The mass ratio is more preferably in the range of 0.5 / 1 to 25/1, still more preferably in the range of 1/1 to 20/1, and most preferably in the range of 2/1 to 15/1. By making the mass ratio a preferable range, the obtained heat insulating layer has high heat insulating properties and high transparency (visible light transmittance and haze), and is excellent in wear resistance, heat resistance, and heat and moisture resistance, And it will be excellent in bending resistance, and the heat insulating material which has a suitable physical property can be obtained stably.

As an optimal aspect, in the heat insulation layer, the ratio of the amount of the element (b) to the amount of the metal element (a) [(number of moles of the element (b)) / (number of moles of the metal element (a)) ] Is in the range of 0.10 / 1 to 22/1. The molar ratio is more preferably in the range of 0.20 / 1 to 18/1, particularly preferably 0.45 / 1 to 15/1, more particularly preferably 0.90 / 1 to 11/1, and even more.
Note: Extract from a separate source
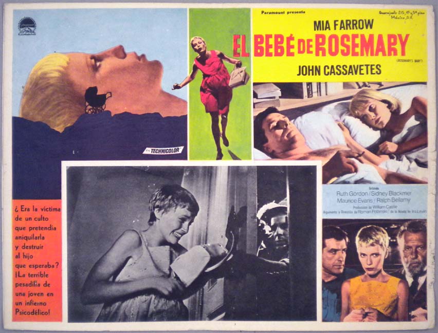 Beautiful Mexican jumbo lobby card (12.5x16.5") from the 1968 Paramount horror film, ROSEMARY'S BABY, which starred Mia Farrow, John Cassavettes, Ruth Gordon, Sidney Blackmer, Ralph Bellamy and Maurice Evans. The film was directed by Roman Polanski and produced by William Castle. $20 each |

Especially preferably, it is the range of 1.5 / 1-10/1.
When the molar ratio is in the above range, the heat insulating layer has both heat insulating properties and transparency, and from the viewpoint of physical properties, it is excellent in wear resistance, heat resistance, moist heat resistance, and flex resistance. It can be excellent.
The alkoxide compound that can be used when forming the heat insulating layer is exhausted by hydrolysis and polycondensation, and the alkoxide compound is substantially absent in the heat insulating layer. Element (b). By adjusting the mass ratio of the element (b) such as silicon and the metal element (a) derived from the metal nanowire to the above range, a heat insulating layer having excellent characteristics is formed.
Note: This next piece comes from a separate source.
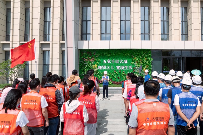 7月17日,广西大都投资有限公司党总支到建工城项目开展“下沉一线当先锋 志愿服务展风采”党员奉献日主题活动。公司党总支书记、董事长邓少新出席活动并致辞。党总支副书记、副总经理、工会主席胡朝春主持,副总经理李世强参加。

The element (b) component selected from the group consisting of silicon, titanium, zirconia and aluminum derived from the alkoxide compound in the heat insulating layer and the metal element (a) component derived from the metal nanowire can be analyzed by the following method.
That is, by subjecting the heat insulating layer to X-ray photoelectron analysis (ESCA), the substance amount ratio, that is, (element (b) component mol number) / (metal element (a) component mol number) However, in the ESCA analysis method, since the measurement sensitivity differs depending on the element, the obtained value does not necessarily indicate the molar ratio of the element component immediately. It is possible to create a calibration curve using a known heat insulation layer, and calculate the mass ratio of the actual heat insulation layer from the calibration curve. The calculated value is used.
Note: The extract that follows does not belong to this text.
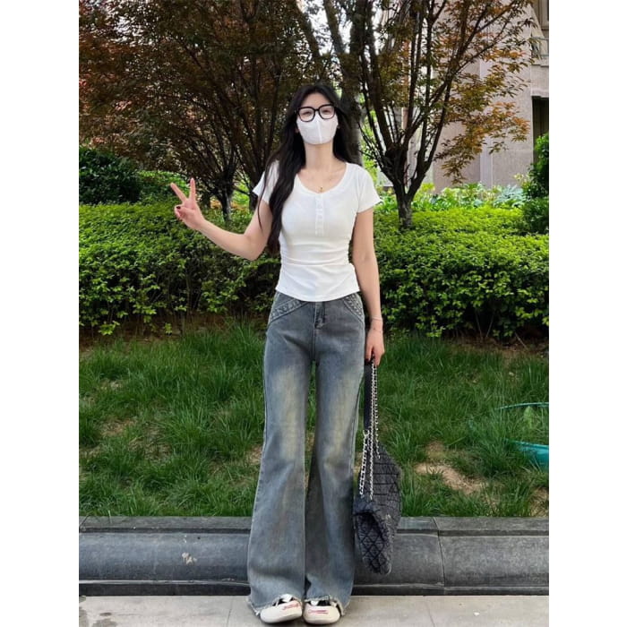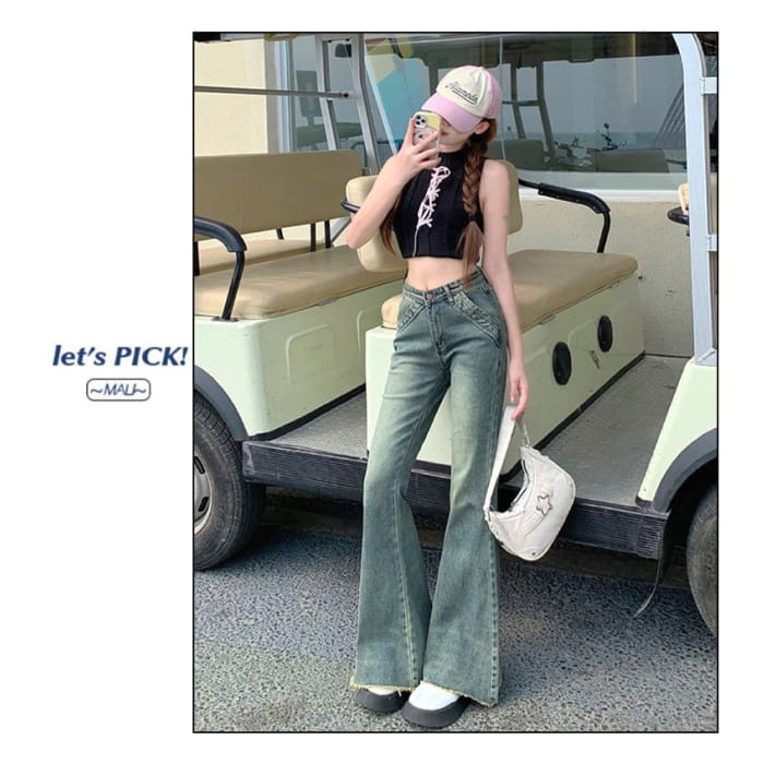 High Waist Washed Flared Jeans (Various Designs)

  It is preferable that the heat insulating material has high heat insulating properties and high transparency, and also has an effect of being excellent in wear resistance, heat resistance and moist heat resistance and excellent in bending resistance. These effects are considered to be manifested when the heat-insulating layer contains a metal nanowire and a matrix that is a sol-gel cured product obtained by hydrolysis and polycondensation of an alkoxide compound. That is, the ratio of the matrix contained in the heat insulating layer is small compared to the case of the heat insulating layer containing a general organic polymer resin (for example, (meth) acrylic resin, vinyl polymerization resin, etc.) as a matrix. However, since a dense heat insulating layer with few voids and high crosslink density is formed, a heat insulating material having excellent wear resistance, heat resistance and heat and moisture resistance can be obtained. And the content molar ratio of the alkoxide compound-derived element (b) / metal nanowire-derived metal element (a) is in the range of 0.10 / 1 to 22/1, and 0.10 / 1 to 22 In relation to the fact that the mass ratio of alkoxide compound / metal nanowire is in the range of 0.25 / 1 to 30/1, the above-mentioned action It is presumed that this increases the balance, maintains the heat insulation and transparency, and has the effect of being excellent in abrasion resistance, heat resistance and moist heat resistance, and at the same time being excellent in bending resistance.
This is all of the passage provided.